This variation stems from my Super Seedy Snack Bar. So easy. You can find that here!
This is an easy, nutritious snack to make in batches, ready for a busy person’s day. I wanted to prove that we could do gluten and sugar free without the festival of additives that manufacturers use, when they do gluten or sugar free snacks. Parents struggle with the ‘nut free zone’ restrictions, and the parents of allergic kids struggle equally! So voila, something that most everyone can enjoy! Those without nut allergies can swap that 100g of seeds or a portion of the 100g, for finely chopped activated almonds, brazil nuts, walnuts… whatever you like!
When you make them, be sure to share your efforts on Facebook with all of us!
Real Food. Happy Bodies.
Easy Cranberry Coconut Snack Bar Recipe
- 100 g mix of pumpkin & sunflower seeds*
- 1 1/2 tbsp rice malt syrup (available at your nearest health food store or in Australia, Coles stocks it.)
- 20 g butter
- 15 g dried cranberries*
- 2 tbsp shredded coconut (toasted dry in a pan for a couple of minutes makes it even more delicious)
- 1/2 tsp teaspoon cinnamon (optional)
Let this bubble up for 1 minute on medium heat.

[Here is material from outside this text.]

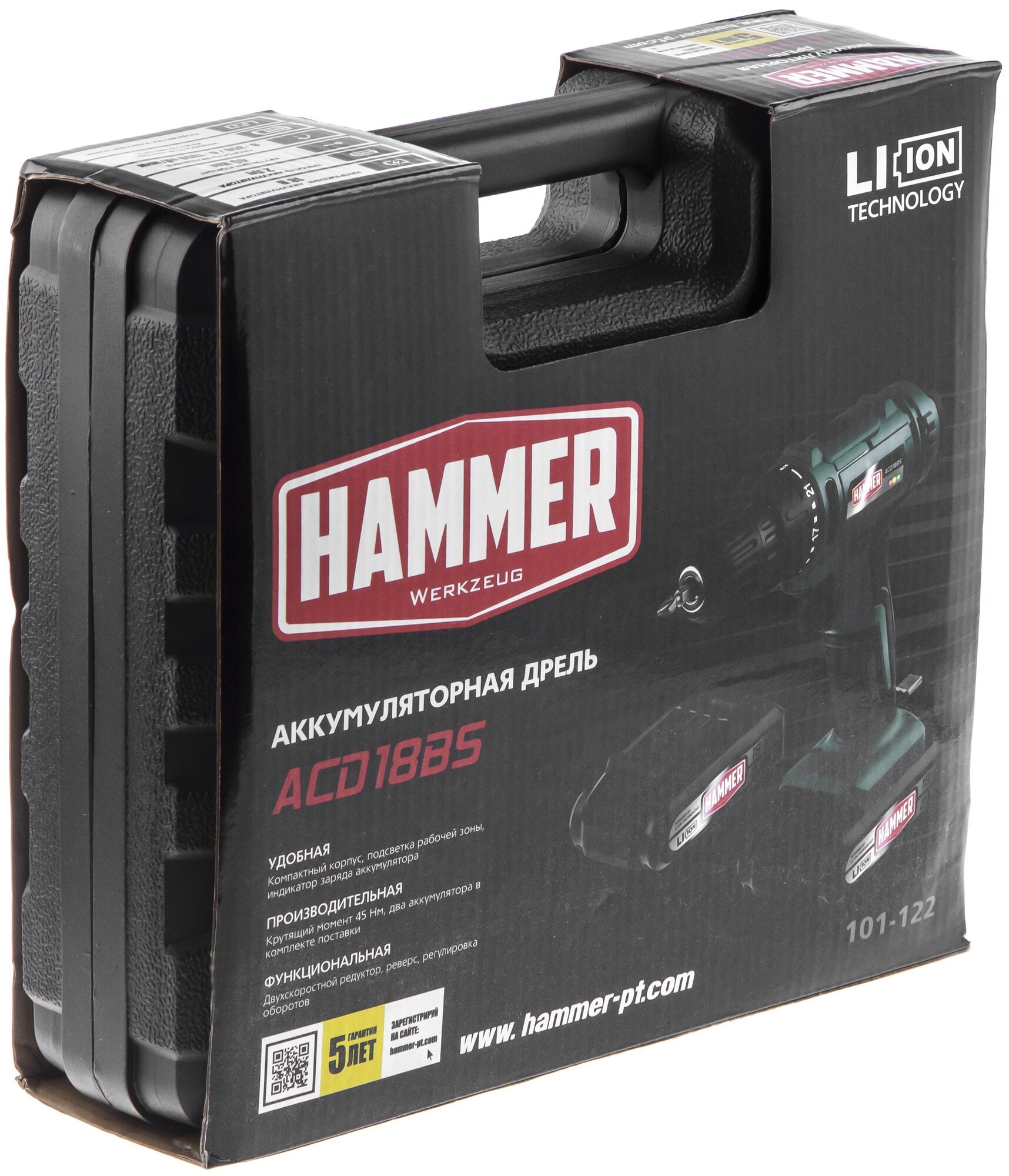 Power supply: battery, battery voltage: 18 V, maximum torque: 45 Nm, number of batteries included: 2, battery capacity: 2 Ah, chuck type: keyless, max. drilling diameter metal

No more, or it will become too brittle
Add seeds, coconut and chopped cranberries
Pour it out onto unbleached baking sheet and press into a square, about 1 cm high
Pop in fridge for just 20 minutes to set. Take out. Cut into 8 bars and store in a jar for up to a fortnight – as if they’ll last that long!
*If you have the chance to plan, soak the seeds for 12 hours in a bowl of water with a heaped teaspoon of salt (i do a couple of big packets at a time so there’s plenty in my pantry for a few weeks)and then bake in a 90 degree Celsius oven all day (you won’t need to be home. they honestly will not burn and if you’re really worried, stick a fork in the oven to keep it ajar and at an even lower temperature) Soaking just means you get way more of the nutrients in the seed and no enzyme inhibitors, who are the little nasties that make nuts, seeds and legumes counter-nourishing. It also gives a fab crisp texture which translates deliciously in the end resulting snack bars.

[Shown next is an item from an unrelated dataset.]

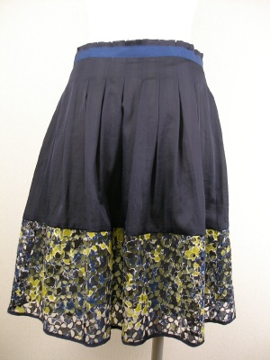裾がカットワークになっててかなり凝った生地を使用 タック寄せでボリュームを出してます、裏地が黄緑色

*Watch for added sugar and / or sunflower oil to dried cranberries. I get mine direct from my health food store. A couple of fab brands.
* Fructose free? If you avoid fructose, omit the cranberries, and up your coconut by another heaped tablespoon. Simple.
* Chocolate fan? Swap the cranberry for dates and add a 1/2 teaspoon of cocoa to the rice syrup and butter, before mixing through the seeds. Amazing!